## HOW TO COMPLETE THIS TASK:
From the data below, copy out every line in which the word "projetos" occurs.
(THE DATA Opens)
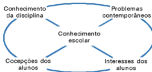
Figura 3 - Concepção integradora do conhecimento construído a partir de projetos

A pedagogia de projetos deve integrar conhecimentos disciplinares, experiências socioculturais dos alunos, conhecimentos contemporâneos e situações do contexto, conforme apresentado na figura 3.
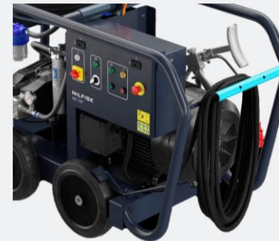
Freno, tope de inclinación y empuñaduras
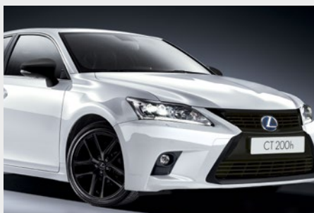
Czarne wykończenie lusterek zewnętrznych, tylnego dyfuzora oraz atrapy chłodnicy wraz z obramowaniem
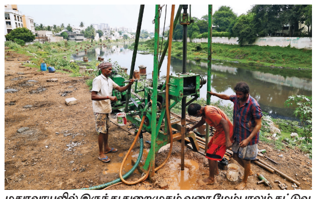
மதுரவாயலில் இருந்து துறைமுகம் வரை மேம்பாலம் கட்டுவதற்காக சேத்துப்பட்டு ஹாரிங்ஸ் சாலை கூலம் ஓரம் மண் பரிசோதனை நடக்கிறது. இதற்கான பணியில் ஈடுபட்டுள்ள தொழிலாளர்கள்.

கடந்தாண்டு கொலை மிரட்டல் விடுத்த ஒருவரை கைது செய்தோம்' என்றனர்.
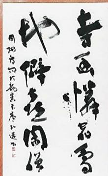
星弘道「周粥詩句」個人蔵
(THE DATA Closes)
## EXERCISE SOLUTION:
Figura 3 - Concepção integradora do conhecimento construído a partir de projetos
A pedagogia de projetos deve integrar conhecimentos disciplinares, experiências socioculturais dos alunos, conhecimentos contemporâneos e situações do contexto, conforme apresentado na figura 3.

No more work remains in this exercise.